Penerapan Syariat Islam Kafah, Solusi Tuntas untuk Akhiri Pandemi

Permasalahan pandemi ini sejatinya memang tidak bisa diselesaikan dengan solusi tambal sulam. Namun, justru diperlukan solusi sistemik yang mampu menyelesaikan seluruh permasalahan ini hingga ke akarnya. Mengapa hanya syariat Islam yang benar-benar mampu menjadi solusi? Semua itu dikembalikan kepada hal filosofis bahwasannya Islam adalah sebagai mabda yang sahih, dimana sumber aturannya lahir dari Sang Pencipta, Allah SWT. Hal ini menjadi sebuah jaminan bahwa solusi yang ditawarkan tidak akan membawa kepada kesengsaraan.

Karantina wilayah secara syar’i yang diterapkan oleh kekhilafah Islam terdahulu di wilayah pertama kali wabah tersebut muncul menunjukkan kesiap-siagaan dari penguasa dalam menangani wabah. Ketika menerapkan aturan tersebut, negara menjamin pelayanan kesehatan termasuk penyediaan obat secara gratis bagi seluruh lapisan masyarakat tanpa tebang pilih. Begitupun negara akan menerapkan seperangkat tata kelola penanganan pandemi secara cepat dan tepat. Hal tersebut semata-mata dilakukan karena dorongan ketaatan kepada Allah SWT. 

Konsekuensi dari dilakukannya karantina wilayah adalah penanganan pandemi di fokuskan untuk mengisolasi dan melakukan pengobatan untuk masyarakat yang sakit. Pemisahan yang sakit dan yang sehat penting agar tidak terjadi penyebaran penyakit lebih meluas lagi. Rasulullah Saw bersabada: “Janganlah kalian mencampurkan orang yang sakit dengan yang sehat”. (HR. Bukhari)

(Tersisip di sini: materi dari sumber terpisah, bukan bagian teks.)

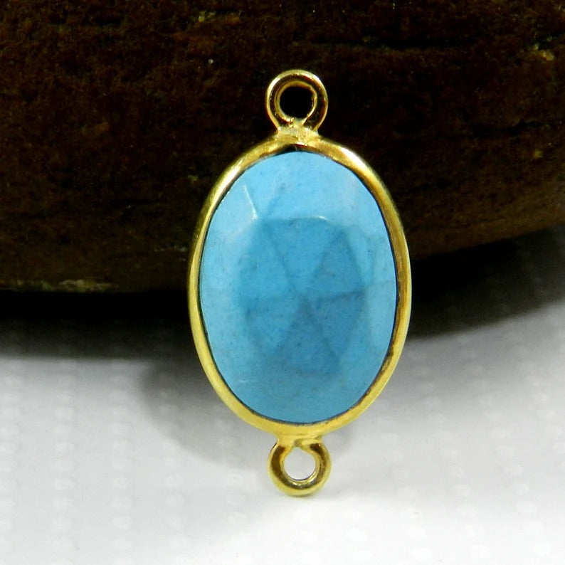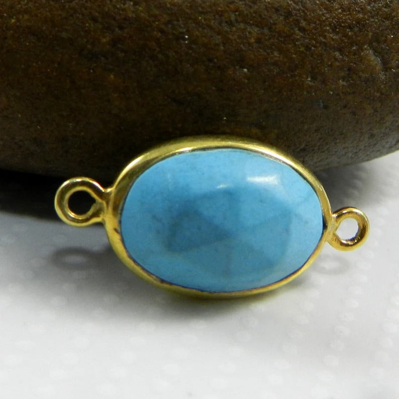 Synthetic blue turquoise 22 x 11 mm oval rose cut 925 sterling silver double loop gold plated bezel set connector for making jewelry
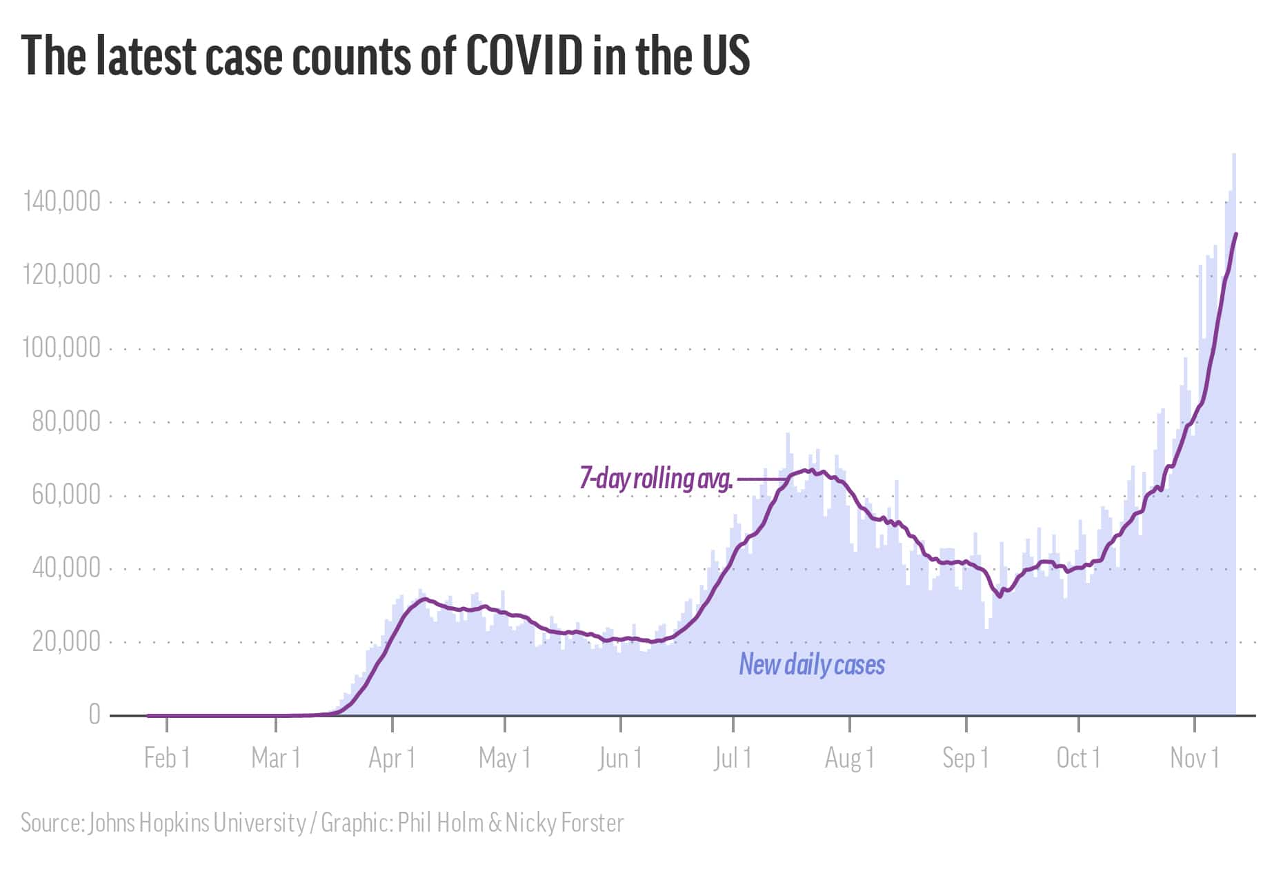 New cases per day are soaring, shattering records over and over and reaching an all-time high on Thursday of over 153,000.
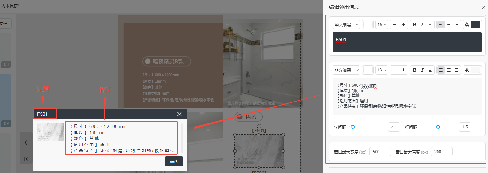 注意:標題和描述支持單獨對某個文字設(shè)置大小、顏色、加粗、斜體、下劃線等樣式。
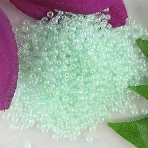 Product Description : You are buying one bag of Japanese Miyuki Rocailles seed beads in size 11/0. Color is Lt mint green lined crystal AB #11-271. Each bag weighs 10 grams. There are about 1100 beads in each bag.
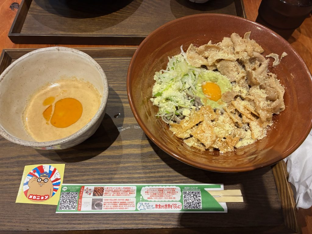 美味しそうでしょ?当店おすすめ「旨辛にくそば(うどん)」同じ値段で、うどん、そばが両方選べるし、両方食べたいなぁー思いますよね?
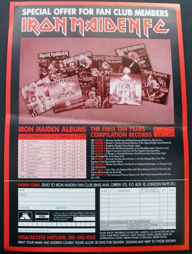 Iron Maiden Flyer Fan Club Bms Merchandise Sheet First Ten Years 1990 Ebay

Imam al-Bukhari meriwayatkan di dalam sahihnya dari Usamah bin Zaid dari Nabi SAW, beliau bersabda, “Jika kamu mendengar wabah di suatu wilayah, maka janganlah kalian memasukinya. Tapi jika terjadi wabah di tempat kamu berada, maka jangan tinggalkan tempat itu.” Bagi orang-orang yang sehat di wilayah yang tidak terjangkit bisa tetap melanjutkan pekerjaan mereka. Lockdown secara syar’i ini akan mencegah imported case yang telah memicu meluasnya wabah ke seluruh dunia dengan cepat. Dengan demikian, kegiatan ekonomi dan sosial masyarakat bisa berlanjut seperti biasa sehingga tidak melumpuhkan ekonomi.

Gambaran penanganan pandemi pada masa kekhilafahan ini menunjukkan bahwa Islam memberikan perhatian penuh terhadap kesehatan dan keselamatan jiwa manusia. Rasulullah saw.bersabda: “Hilangnya dunia, lebih ringan bagi Allah dibanding terbunuhnya seorang mukmin tanpa hak.” (HR.Nasa’i)

Selain itu, negara pun akan mendirikan rumah sakit serta laboratorium riset yang terintegrasi agar para tenaga medis begitupun para peneliti bisa optimal dalam menjalankan tugasnya. Tidak hanya aspek kesehatan saja, selama pandemi pun, tentu negara wajib menjamin terpenuhinya hak dasar dari masyarakat seperti pendidikan dan keamanan. Semua itu ditopang oleh sistem politik dan ekonomi yang mumpuni.

Pembiayaan kesehatan berbasis baitul maal dengan anggaran mutlak mengharuskan negara wajib untuk memenuhi kebutuhan dasar rakyat dalam kondisi apapun. Jika kondisi kas negara sedang kosong, pajak bisa ditarik dari warga yang kaya dan sifatnya temporer saja. Penatalaksanaan hal yang vital ini tidak bisa diambil alih oleh koporasi yang justru memanfaatkan wabah untuk meraup keuntungan. Oleh karena itu, dengan pengaturan seperti ini memungkinkan bagi seluruh lapisan masyarakat untuk mendapatkan pelayanan secara gratis dari negara.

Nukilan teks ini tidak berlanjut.